私は完璧な悪役令嬢です
「それがチョークですか? 黒板というのは?」
「黒板は黒い板ね」
テーブルをぽんっとたたく。
「これ、仕上げにニスが塗ってあるのよね? 板を黒く塗ってからニス……艶のないものがいいかなぁ。塗ると塗料が剥げないよね?」
「黒く塗る? それはインクで? かなり高価なものになりますね」
ん?
確かに。
インクって高価だよね。そこそこ。まぁ、教室に設置するでかい黒板が高価でも、一回設置しちゃえば何度も買い替える必要はないから問題ないとして。文字を練習したりメモしたりするのに使う、個人用黒板があまり高価になるのは問題よね?
インクじゃなくて墨汁を使った方が安くできる? 墨汁の代わりにタコやイカの墨を使う?

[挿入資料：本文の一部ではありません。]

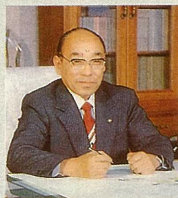
岡崎市長 中根 鎮 夫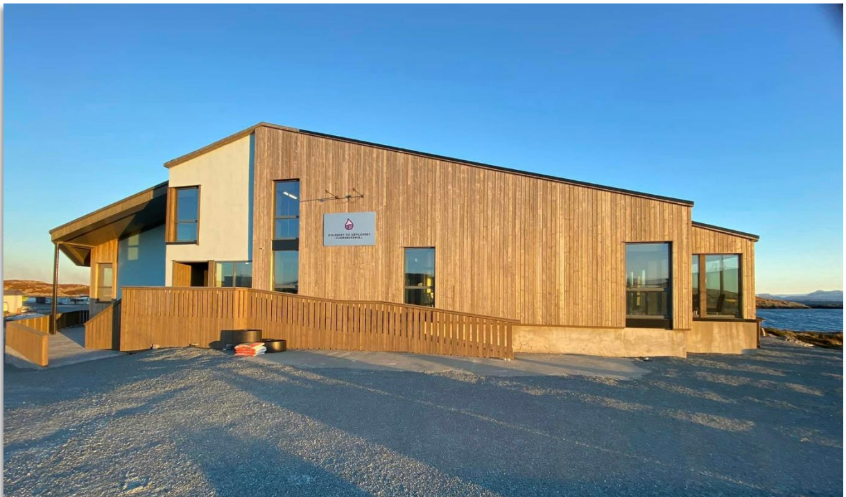
Bulandet og Værlandet fleirbrukshall opnar i 2024.

I desember 2022 vart sanitærbygget og båthus, tilknytt fleirbrukshallen i Bulandet, ferdigstilt. Her er det gode fasilitetar med dusj, vaskemaskin og tørketrommel i sanitærbygget, medan i båthuset er det mykje sjøutstyr som kan lånast til sjøaktivitet.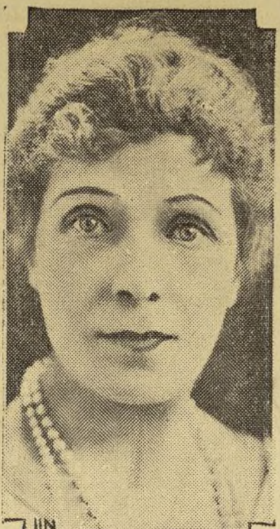
La infanta Eulalia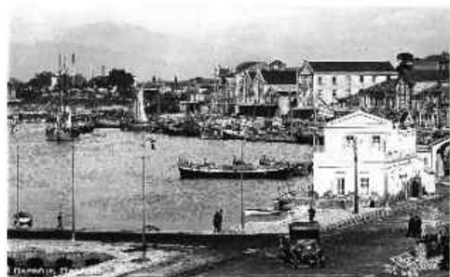
☉ Άποψη της παραλιακής ζώνης με το συγκρότημα των σταφιδαποθηκών και των Μύλων Τριάντη (μετέπειτα Μύλοι Αγ. Γεωργίου) στα τέλη της δεκαετίας του '20.

Στην αρκτική πλευρά του λιμανιού, εκεί όπου η παραλιακή οδός Όθωνος - Αμαλίας συναντά την οδό Νόρμαν, δεσπόζει το συγκρότημα των Μύλων Αγίου Γεωργίου, ένα κτίριο 6 ορόφων των αρχών της δεκαετίας του '30, κατασκευασμένο με οπλισμένο σκυρόδεμα, τυπικό δείγμα του μεσοπολεμικού ευρωπαϊκού μοντερνισμού, στο οποίο μετά το '36 προστέθηκε ο υδατόπυργος και ακόμη ένα κτίριο ανάλογου ύψους, προς την πλευρά της οδού Σανταρόζα, που είχε την χρήση Σιλό. Το συγκρότημα συνδέεται μέσω μεταλλικής γέφυρας μεταφοράς και με την πρώτη από τις Σταφιδαποθήκες του γειτονικού τρίδυμου συνόλου, η οποία χρησίμευε ως χώρος αποθήκευσης και διανομής των αλεύρων. Η αλευροβιομηχανία «Μύλοι Αγίου Γεωργίου» ιδρύθηκε το 1927 με έδρα τον Πειραιά και εγκαταστάθηκε στην Πάτρα το 1936 αγοράζοντας τις εγκαταστάσεις της πτωχευμένης εταιρίας «Κυλινδρόμυλοι Πα-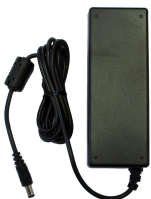
Netzteil 48 V DC, 1.25 A für L-SW-5700 Netzteil 48 V DC, 1.25 A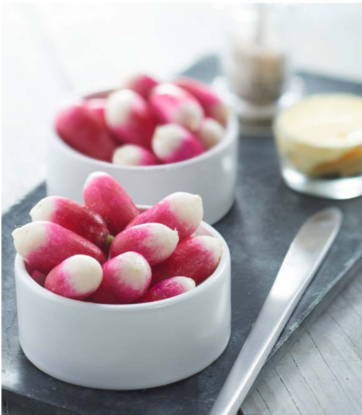
CROQ FRAIS RADIS (m) FLORETTE

Le plateau de 600 g. Soit le kg : 9,75 € Au rayon Fruits & légumes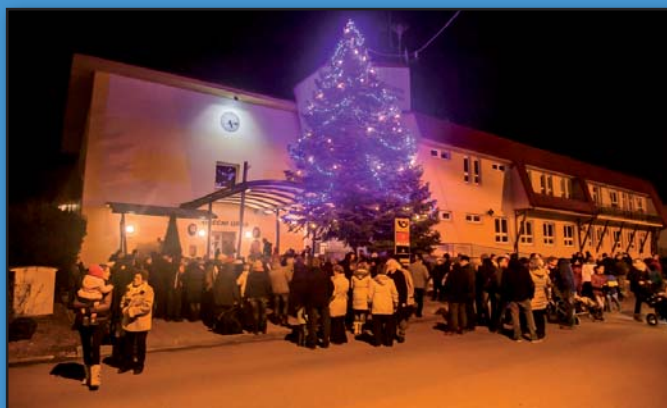
Rozsvícení vánočního stroměčku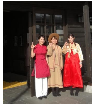
△SL観光アテンダントによる民族衣装着用 (イメージ)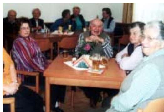
Gemütliche Stunden im Seniorenzentrum!

Singen tut Körper und Seele wohl. Deshalb kommen wir einmal im Monat zusammen und singen miteinander. Nächster Termin: Dienstag, 6. Dezember (Nikolo), 15 Uhr. Ab 14 Uhr: Möglichkeit zum gemütlichen Nachmittagskaffee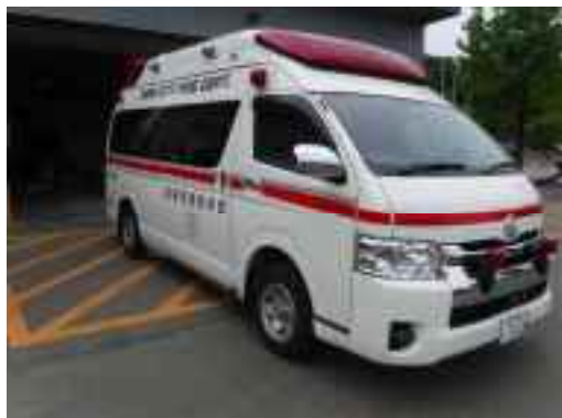
高規格救急自動車のイメージ

高齢化に伴う救急需要の増加を考慮し、また、新型コロナウイルス感染症も含めた様々な感染症に対応するため、陰圧式患者搬送用器具等を積載した高規格救急自動車を新たに配備します。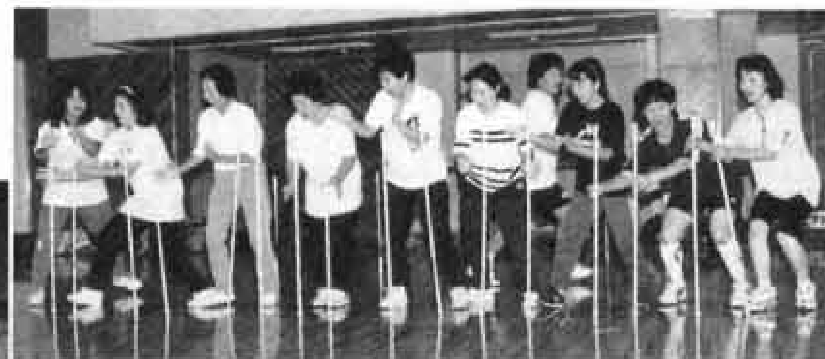
▲②キャッチング・ザ・スティック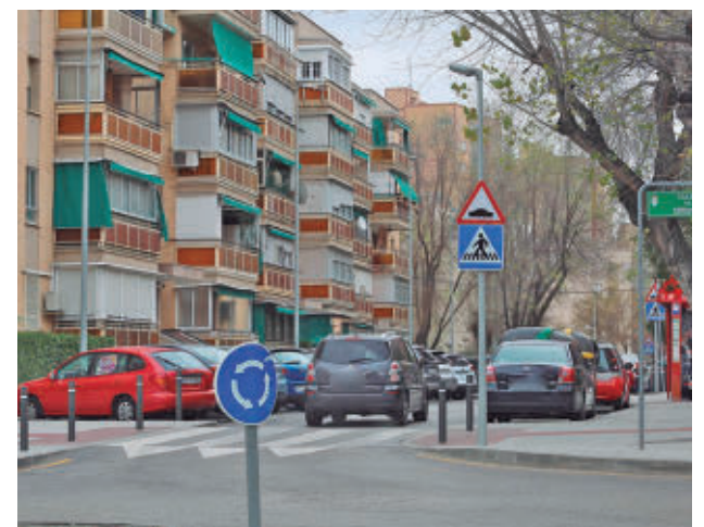
Una de las calles en las que se está actuando

Además, con la vista puesta para después del verano, está prevista otra partida de más de 4 millones de euros para proceder a un nuevo Plan de Asfaltado que beneficiará a la práctica totalidad de calles de la ciudad, según el Ayuntamiento.

いや、生臭くて腐りそうだから駄目かな。というか、黒板を作るのに、どれだけの量のイカが必要になるのか! そっちのが問題だよ!
やっぱ墨汁が欲しいところ。あれって、確か煤とか。
「ああ! これよ! これ!」
目に入ったのは暖炉だ。
煙突掃除すると煤が集まる。
「煤よ、イーグル。煤を集めてもらいましょう! 煤と、膠があれば墨ができるわ!」
膠の材料は確か、そうよ、そう! あるわ。協力してもらえば手に入る!
膠の材料は動物の皮や骨から抽出したものだ。つまり、ゼラチンと一緒。確か膠からもっと不純物を取り除いたものがゼラチン。すぐにでも手に入るわ。ラミアに頼めば。
まぁ、なんということでしょう。
黒板とチョークの試作品が、一週間後にはできてた。
イーグルたんすごい。
このところ真っ黒になっていたり真っ白になっていたりする使用人がやたらと多いと思っていたら、総出で煤集めや貝殻粉砕していたらしい。使用人たちもすごい。
あとは、私の仕事よ。任せて!
学園に殿下へのプレゼンテーション用の画用紙くらいのサイズの黒板とチョークを数本持っていく。
「フローレン様、これは?」
馬車を降りると、布にくるんだ黒板にラミアが気が付いた。
「ラミアがくれた膠で作った黒板よ。もし、大量生産することになれば、膠生産をラミアの領地に頼むことになると思うわ。ゼリーもこれから売り出していきますし、忙しくなりますわよ?」
ラミアが顔を紅潮させる。
「領地の発展のためになるんですね。嬉しいです!」
「うん、まぁ、プレゼン……殿下にとりあえず提案して上手くいけばね。今日の昼に薔薇の間でお披露目よ」
ラミアが右手にバスケット、左手に黒板の包みを持った。
「片方持つわ」
流石に私が手ぶらで、ラミアに荷物を全部持たせるのも申し訳なく声をかける。
「いえ、フローレン様にお荷物を持たせるわけにはいきません。これは私の仕事ですっ!」
キリリとした表情で言われる。
えええっ! そりゃ王妃の侍女目指してるなら、王妃に荷物を持たせる侍女なんて駄目だから持ちたいんだろうけれど。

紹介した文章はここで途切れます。